What you have to do:
Your task is to transcribe each record exactly and to omit every image.

Records for this task:
================================

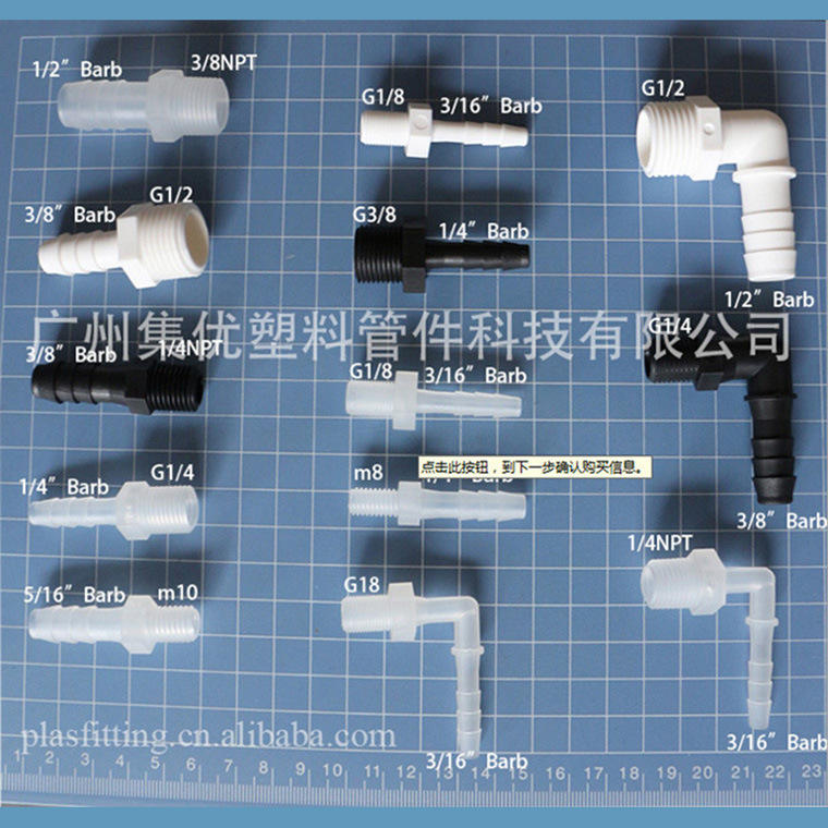 Conector de Tubería de Plástico PP Roscado Jiyou M8 con Conexión de 3/16 para Uso con Gas y Agua
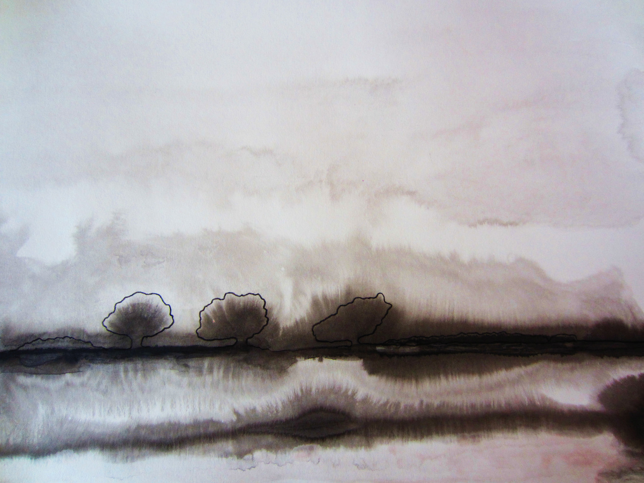 Landschap ontstaan door inkt in lijm te laten vloeien.
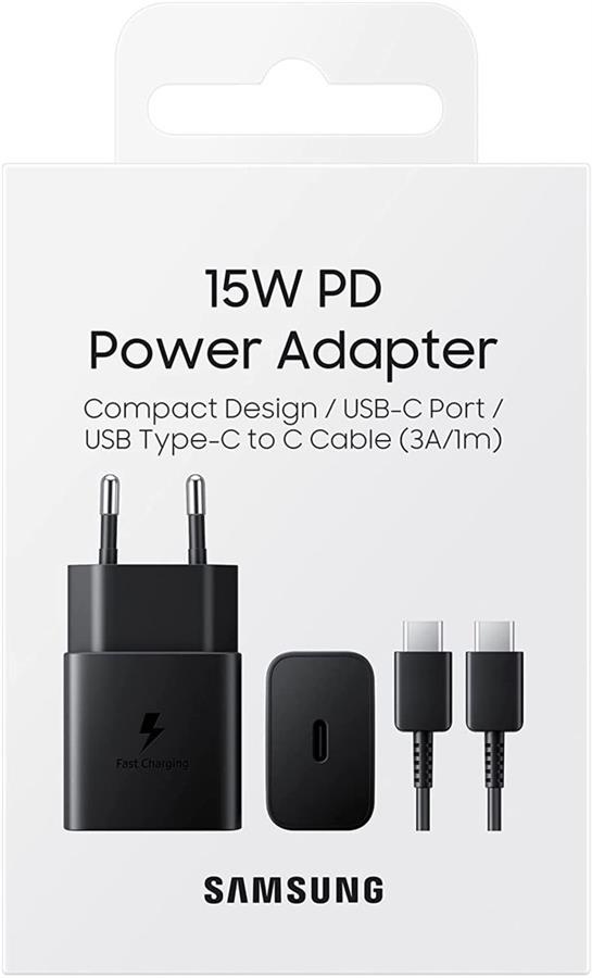 Мережева зарядка SAMSUNG 15W Power Adapter (w C to C Cable) EP-T1510XBEGEU / Чорна EP-T1510XBEGEU
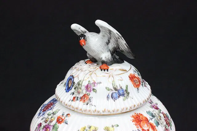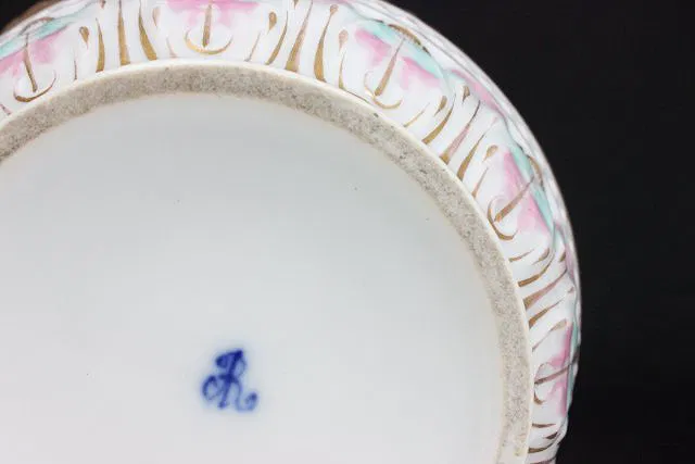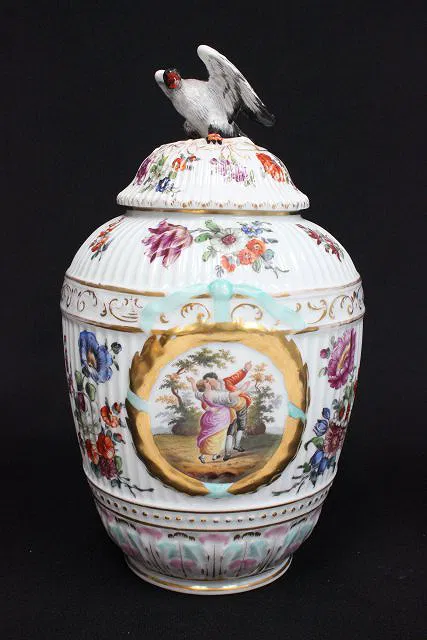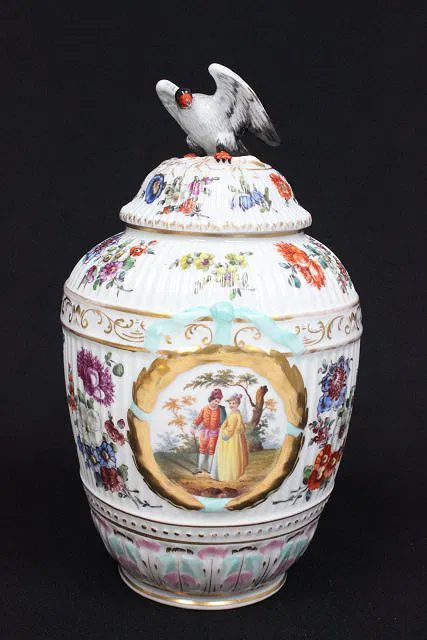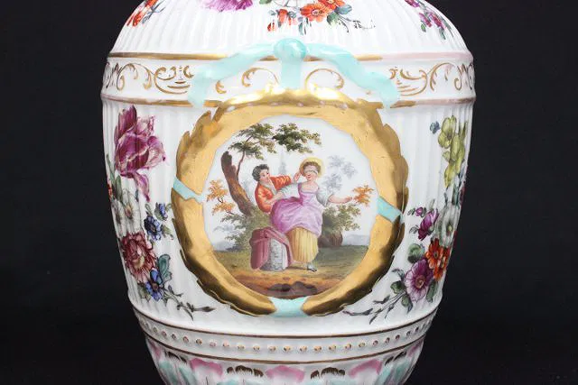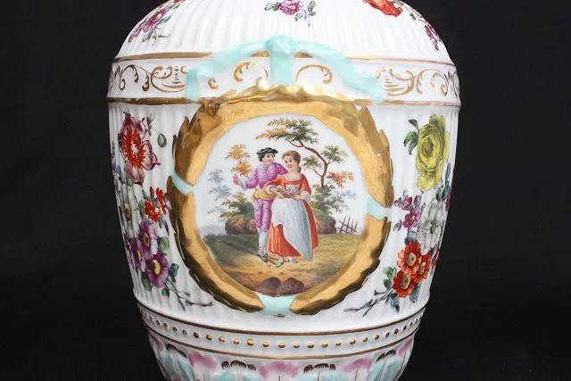 Handpainted “Flowers” & “Scene of Blind Mans Bluff & Kissing”, chips on beaks. Approx. 13.25″ H.
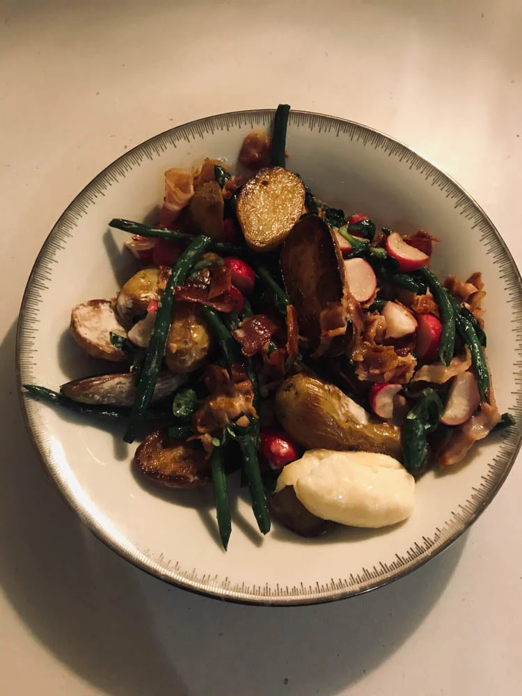 Deze lekkere aardappelsalade met aioli en groene aspergepunten maakte ik ook zaterdag en daar stond nog flink wat van in de koelkast. Ik was het eigenlijk een beetje vergeten en had al bedacht wat ik die avond wilde koken, maar toen ik dit zag staan besloot ik dit eerst op te maken. Zonde anders toch?
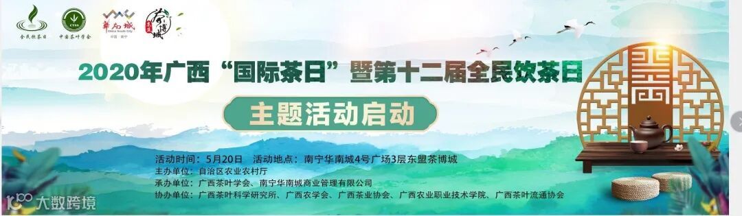 中国是茶叶的故乡,也是茶种植规模最大、产品种类最全、茶文化底蕴最深厚的国家。为推动中国同各国茶文化交流互动,促进茶产业高质量发展,自治区农业农村厅、广西茶叶学会联合南宁华南城商业管理有限公司组织开展2020年广西“国际茶日暨第十二届全民饮茶日”“泡好一杯茶、茶香溢满城”活动,倡导“茶为国饮”,普及茶知识,弘扬茶文化,营造“知茶、爱茶、饮茶”的氛围,弘扬“廉、美、和、敬”的中国茶德思想。

================================

Answer section:
 Conector de Tubería de Plástico PP Roscado Jiyou M8 con Conexión de 3/16 para Uso con Gas y Agua
 Landschap ontstaan door inkt in lijm te laten vloeien.
 Мережева зарядка SAMSUNG 15W Power Adapter (w C to C Cable) EP-T1510XBEGEU / Чорна EP-T1510XBEGEU
 Handpainted “Flowers” & “Scene of Blind Mans Bluff & Kissing”, chips on beaks. Approx. 13.25″ H.
 Deze lekkere aardappelsalade met aioli en groene aspergepunten maakte ik ook zaterdag en daar stond nog flink wat van in de koelkast. Ik was het eigenlijk een beetje vergeten en had al bedacht wat ik die avond wilde koken, maar toen ik dit zag staan besloot ik dit eerst op te maken. Zonde anders toch?
 中国是茶叶的故乡,也是茶种植规模最大、产品种类最全、茶文化底蕴最深厚的国家。为推动中国同各国茶文化交流互动,促进茶产业高质量发展,自治区农业农村厅、广西茶叶学会联合南宁华南城商业管理有限公司组织开展2020年广西“国际茶日暨第十二届全民饮茶日”“泡好一杯茶、茶香溢满城”活动,倡导“茶为国饮”,普及茶知识,弘扬茶文化,营造“知茶、爱茶、饮茶”的氛围,弘扬“廉、美、和、敬”的中国茶德思想。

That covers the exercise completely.